As the OP points out, so far I can also write a real answer. Start by consuming memory.
Two useful links are the Haskell data type memory size and http://blog.johantibell.com/2011/06/memory-footprints-of-some-common-data.html . We will also need to look at the definitions of some of our structures.
-- from http://hackage.haskell.org/package/stm-chans-3.0.0.2/docs/src/Control-Concurrent-STM-TMQueue.html data TMQueue a = TMQueue {-
The TQueue implementation uses a standard functional queue with read end and write end.
Let the upper limit of memory use be given and suppose that we read the entire file in TMQueue before the consumer does anything. In this case, the end of our TQueue record will contain a list with one element per input line (saved as a byte string). Each node list will look like
(:) bytestring tail
which takes 3 words (1 per field + 1 for the constructor). Each byte line is 9 words, so add them together, and there are 12 service words per line , not counting the actual data. Your test data is 5 million lines, so 60 million words of overhead for the whole file (plus some constants), which are about 460 MB on a 64-bit system (assuming that I performed my math correctly, is always doubtful). Add 40MB for the actual data, and we will get values โโclose to what I see in my system.
So why is our memory usage close to this upper bound? I have a theory (research remains as an exercise!). Firstly, the manufacturer most likely works a little faster than the consumer, because reading is usually faster than writing (I use spinning disks, maybe the SSD will be different). Here is the definition of readTQueue:
-- |Read the next value from the 'TQueue'. readTQueue :: TQueue a -> STM a readTQueue (TQueue read write) = do xs <- readTVar read case xs of (x:xs') -> do writeTVar read xs' return x [] -> do ys <- readTVar write case ys of [] -> retry _ -> case reverse ys of [] -> error "readTQueue" (z:zs) -> do writeTVar write [] writeTVar read zs return z
First we try to read from the end of the reading, and if this one is empty, we will try to read from the end of the record, after it changes this list.
I think this is happening: when a consumer needs to read from the end of the record, he needs to go through the list of input data in the STM transaction. This takes some time, which will lead to the fact that he will fight with the producer. As the producer advances, this list grows longer, causing the reading to take even longer, during which the producer can write more values, which will cause the reading to fail. This process is repeated until the producer finishes, and only then will the consumer have the opportunity to process the bulk of the data. Not only is this a concurrency disruption, it adds more processor overhead because a consumer transaction is constantly delayed and fails.

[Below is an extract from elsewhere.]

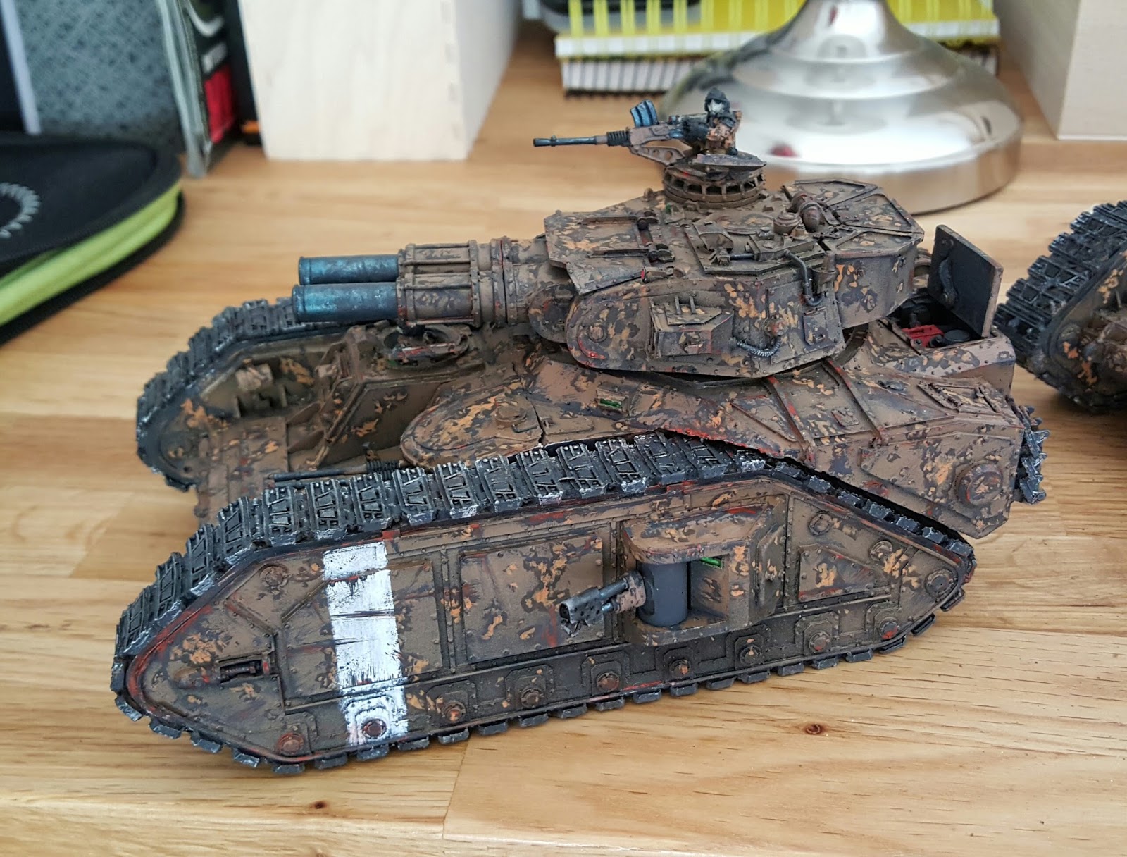I have started to apply some red "rost protection primer" on one of the Macharius tanks, showing where the paints have been chipped of.

So what about unagi? There are several key differences. First, unagi-chan uses internal arrays instead of lists. This slightly reduces overhead. Most of the overhead is with ByteString pointers, so a little, but not much. Secondly, unagi stores pieces of arrays. Even if we pessimistically assume that the producer always wins the argument, after the array is full, it pushes the side of the channel producer. Now the producer writes a new array, and the consumer reads from the old array. This situation is almost perfect; there is no competition with shared resources, the consumer has a good locality of links, and since the consumer works with another memory block, there are no problems with cache consistency. Unlike my theoretical description of TMQueue , now you get parallel operations, allowing the manufacturer to clear part of the memory usage so that it never gets to the upper bound.
As an aside, I think that consumer dosing is not profitable. The pens are already buffered by the I / O subsystem, so I donโt think it brings anything. For me, performance improved slightly when I switched consumers to take turns in any case.
Now, what can you do about this problem? Based on my working hypothesis that TMQueue suffers from conflicting issues and your specific requirements, you just need to use a different type of queue. Obviously, unagi works very well. I also tried TMChan , it was about 25% slower than unagi, but it used 45% less memory, so this is also a good option. (this is not surprising, TMChan has a different structure from TMQueue , so it will have different performance characteristics)
You can also try changing your algorithm so that the manufacturer sends multi-line fragments. This will reduce the amount of memory in all byte strings.
So when can you use TMQueue ? If the producer and consumer have the same speed, or the consumer is faster, he should be fine. In addition, if the processing time is uneven or the manufacturer works in packages, you are likely to get good amortized performance. This is pretty much the worst situation, and maybe it should be reported as an error regarding stm ? I think if the reading function has been changed to
-- |Read the next value from the 'TQueue'. readTQueue :: TQueue a -> STM a readTQueue (TQueue read write) = do xs <- readTVar read case xs of (x:xs') -> do writeTVar read xs' return x [] -> do ys <- readTVar write case ys of [] -> retry _ -> do writeTVar write [] let (z:zs) = reverse ys writeTVar read zs return z
this will avoid this problem. Now the z and zs bindings should be evaluated lazily, so a list traversal will occur outside of this transaction, which allows read operations to sometimes succeed. Assuming that I am correct about the problem in the first place, of course (and that this definition is quite lazy). However, there may be other unexpected drawbacks.